Leer a P.D. James es apostar sobre seguro; no se si lo que voy a decir es una temeridad, pero yo votaría a Phillys Dórothy James como lo mejor que ha salido de las islas británicas en materia de novela policíaca tras la consagración de la inolvidable Agatha Christie como la auténtica "dama del crimen". Desde mi punto de vista, la James tiene auténticas obras maestras en el género: "Muerte de una forense", "Una cierta justicia", "La sala del crimen", ... y ninguna decepcionante: todas, absolutamente todas, están en la primera fila. Eso sí, la autora también tiene sus contrarios, pues nunca olvidaré que en una ocasión presté a una persona "La sala del crimen", novela que me devolvió a las primeras de cambio alegando que no la aguantaba porque era en exceso "británica" ...

"Muerte en la clínica privada" mantiene la estructura clásica de los libros de P.D. James: una primera parte con la presentación de los personajes y el desarrollo del primer asesinato, tras el que entra en escena el investigador de turno, habitualmente -como es el caso- el inspector Adam Dalgliesh, que efectivamente es enormemente británico, además de polifacético y enormemente metódico. La novela está escrita con una especial elegancia, con riqueza de vocabulario y describiendo perfectamente ambientes, paisajes y habitaciones.
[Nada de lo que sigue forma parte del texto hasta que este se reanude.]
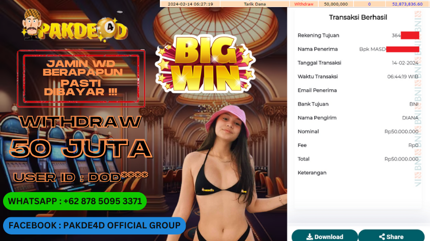 PAKDE4D JACKPOT DI PERMAINAN SLOT RP. 50.000.000,- LUNAS

La novela reune dos virtudes que no siempre van juntas: es de las que te cogen, uno espera con ansiedad el momento de reanudar la lectura, a la vez que no conviene ir demasiado deprisa, pues litarariamente tiene valores y no conviene perderse la calidad que va unida al relato.


10 comentarios:

Mariapi dijo...

¡Gracias por la crítica literaria! Los ingleses son los que más me gustan en esto de la novela de intriga...para leer con una buena taza de té. Buen fin de semana.

veronicia dijo...

Es curioso, pero hasta que no leí "Todo lo que sé sobre novela negra" de P.D.James no sistematicé una serie de conocimientos sobre el tipo de novela que más disfruto.

A mi tambien me encantan las novelas con personajes fijos, porque les tomo cariño y siento como si "nos reencontraramos" cuando leo otra novela.

Me apunto especialmente tu segunda recomendación "Un pequeño engaño" porque tanto como la trama, me gustan las novelas en que los personajes queden psicológicamente dibujados.
Un saludo!

Modestino dijo...

Margaret Yorke ha resultado para mí un descubrimiento.

opinadora dijo...

La verdad no se con cual de las tres decidirme.Las vendes muy bien.Lo mejor que podria hacer es leerlas las tres.Aunque hay tantas a la cola.

Modestino dijo...

Si no has leído nada de P. D. James empezaría por ésta, sino por la de Margaret Yorke.

opinadora dijo...

Casi empezare por Margaret Yorke, las que se desarrollan en hospitales, no me van mucho.

annemarie dijo...

Terminé hace unos días el libro de PD James sobre la novela policíaca, sobre que escribiste hace tiempo, y la verdad es que me pareció poco conseguido - me parece que es un conjunto de conferencias o artículos sobre el tema, mal editados porque vuelve una y otra vez sobre las mismas ideas, a veces incluso con las mismas palabras exactamente, y sin unidad. Pero tiene ideas interesantes, y sugerencias muy buenas sobretodo para la Edad Dorada (De oro? :)) Margaret Yorke es un personaje adorable como persona y como autora: la perversidad vestida de inocencia - o al revés, es al revés, creo. :))

Modestino dijo...

Me ha gustado eso de la perversidad vestida de inocencia: es cierto, en el libro se describe claramente una mente malvada, pero todo dentro de un ambiente bastante entrañable.

Es posible que el libro de la James esté poco conseguido: efectivamente parece echo deprisa y corriendo, como cumpliendo un encargo rápido, pero aporta datos y aprendes, a pesar de todo.

Mª Asunción Balonga Figuerola dijo...

Amigo Modestino: He disfrutado muchísimo con tu entrada. Maravillosa. Por cierto, mil gracias porque la última novela de P.D. James, grande entre las grandes, ¡se me había pasado!.
Qué casualidad que esta mañana en mi blog hablo de temas parecidos y esta tarde me decido a pasar por el tuyo y ¡mira que feeling!
Gracias por el buen rato que he pasado. Adjunto enlace con mi entrada, si me lo permites:
http://asunbalonga.blogspot.com/

Modestino dijo...

Tu entrada ya la había leído, pero no he tenido tiempo de comentar nada: me ha encantado.